== TASK BRIEF ==
Look through the entries below for the line with "於是我往蘭天城市廣場走(上上" and the line with "冬忽至,寒冷没有降低体操馆内", then give again exactly those two lines and all lines between them, minus the pictures.

== RECORDS ==
►
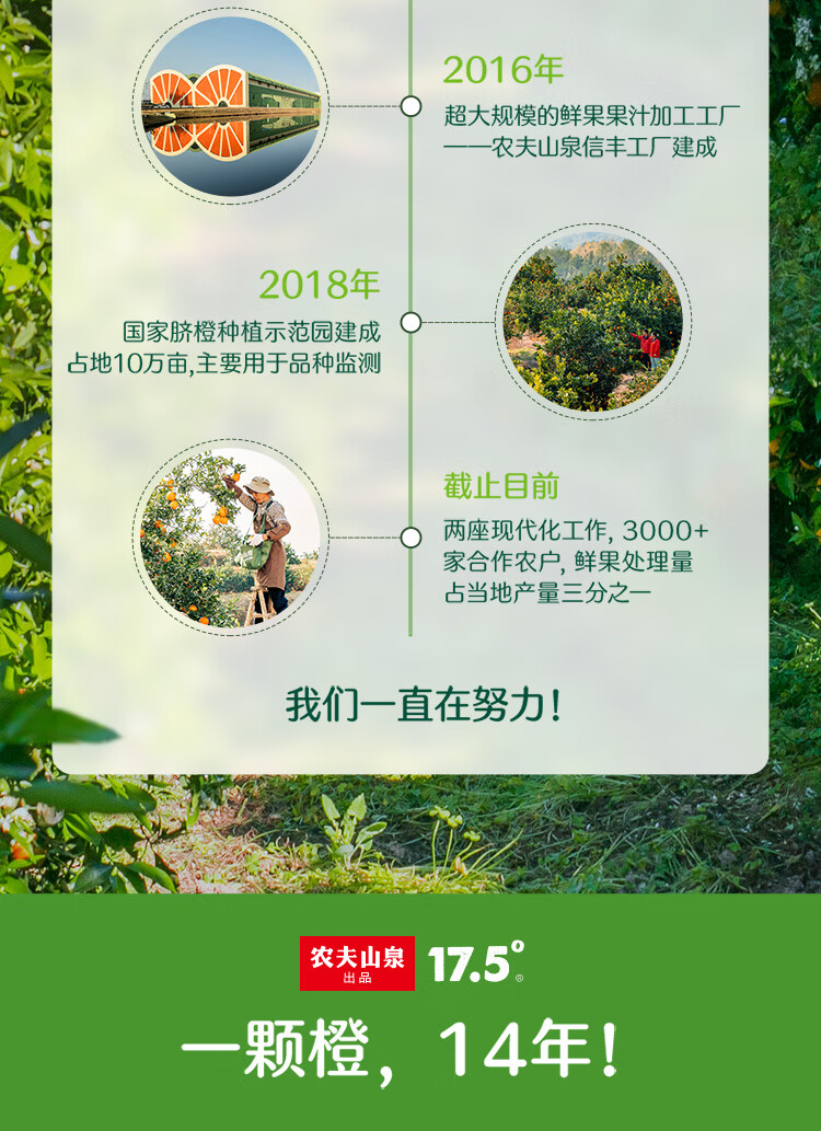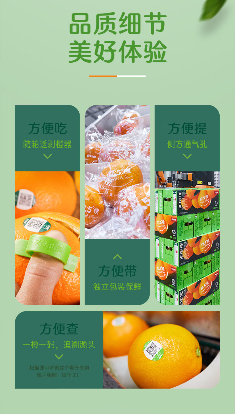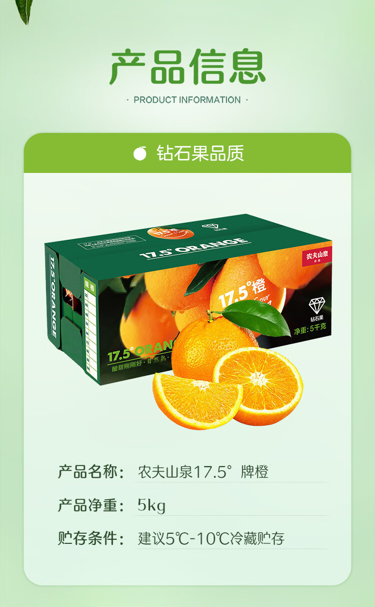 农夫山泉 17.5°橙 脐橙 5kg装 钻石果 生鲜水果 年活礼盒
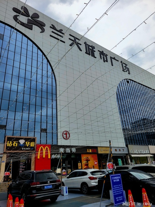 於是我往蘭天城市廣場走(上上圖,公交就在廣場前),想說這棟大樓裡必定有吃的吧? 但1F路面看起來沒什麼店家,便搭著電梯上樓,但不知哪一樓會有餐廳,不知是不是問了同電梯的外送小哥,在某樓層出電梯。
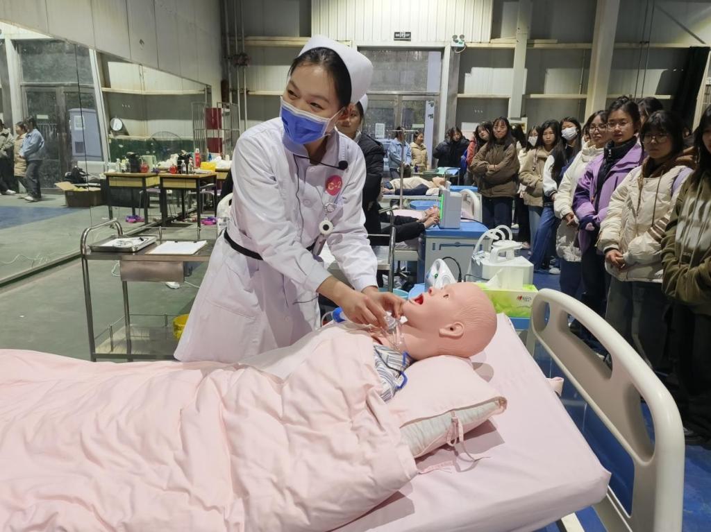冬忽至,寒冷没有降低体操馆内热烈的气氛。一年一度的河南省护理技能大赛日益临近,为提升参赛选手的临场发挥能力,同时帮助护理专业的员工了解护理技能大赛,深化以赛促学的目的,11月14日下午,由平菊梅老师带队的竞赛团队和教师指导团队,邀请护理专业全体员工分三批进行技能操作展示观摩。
◄
►
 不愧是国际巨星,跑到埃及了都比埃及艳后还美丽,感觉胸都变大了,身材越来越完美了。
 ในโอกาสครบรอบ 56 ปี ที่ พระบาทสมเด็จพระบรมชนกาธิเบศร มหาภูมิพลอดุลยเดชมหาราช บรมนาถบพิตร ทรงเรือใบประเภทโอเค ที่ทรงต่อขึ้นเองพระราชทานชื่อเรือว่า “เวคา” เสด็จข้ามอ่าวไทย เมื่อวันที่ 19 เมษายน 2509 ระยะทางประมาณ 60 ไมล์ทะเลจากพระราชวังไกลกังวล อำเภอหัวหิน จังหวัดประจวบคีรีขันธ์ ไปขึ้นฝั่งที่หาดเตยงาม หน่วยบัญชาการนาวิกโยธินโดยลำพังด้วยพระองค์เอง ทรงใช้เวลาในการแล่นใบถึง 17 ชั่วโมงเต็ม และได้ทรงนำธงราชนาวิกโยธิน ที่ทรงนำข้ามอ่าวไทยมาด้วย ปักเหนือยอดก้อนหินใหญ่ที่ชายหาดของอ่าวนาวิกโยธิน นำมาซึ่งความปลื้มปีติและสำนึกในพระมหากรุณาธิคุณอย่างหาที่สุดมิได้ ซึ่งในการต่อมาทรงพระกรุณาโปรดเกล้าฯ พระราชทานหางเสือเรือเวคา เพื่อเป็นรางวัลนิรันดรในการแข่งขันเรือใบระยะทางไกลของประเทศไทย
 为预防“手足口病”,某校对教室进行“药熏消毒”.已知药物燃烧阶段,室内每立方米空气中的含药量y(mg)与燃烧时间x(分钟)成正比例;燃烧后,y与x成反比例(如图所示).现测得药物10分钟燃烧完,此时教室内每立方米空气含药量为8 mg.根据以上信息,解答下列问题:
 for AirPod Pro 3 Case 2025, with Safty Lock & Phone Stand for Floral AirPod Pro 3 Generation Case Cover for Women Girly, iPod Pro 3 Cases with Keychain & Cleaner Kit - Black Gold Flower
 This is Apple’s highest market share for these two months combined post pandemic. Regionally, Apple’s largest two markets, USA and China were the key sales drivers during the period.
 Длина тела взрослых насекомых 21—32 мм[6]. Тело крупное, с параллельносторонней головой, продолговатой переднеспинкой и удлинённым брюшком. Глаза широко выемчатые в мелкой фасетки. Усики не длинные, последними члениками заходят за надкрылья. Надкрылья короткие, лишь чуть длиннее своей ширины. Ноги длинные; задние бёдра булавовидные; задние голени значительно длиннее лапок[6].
◄
== OUTPUT ==
 於是我往蘭天城市廣場走(上上圖,公交就在廣場前),想說這棟大樓裡必定有吃的吧? 但1F路面看起來沒什麼店家,便搭著電梯上樓,但不知哪一樓會有餐廳,不知是不是問了同電梯的外送小哥,在某樓層出電梯。
冬忽至,寒冷没有降低体操馆内热烈的气氛。一年一度的河南省护理技能大赛日益临近,为提升参赛选手的临场发挥能力,同时帮助护理专业的员工了解护理技能大赛,深化以赛促学的目的,11月14日下午,由平菊梅老师带队的竞赛团队和教师指导团队,邀请护理专业全体员工分三批进行技能操作展示观摩。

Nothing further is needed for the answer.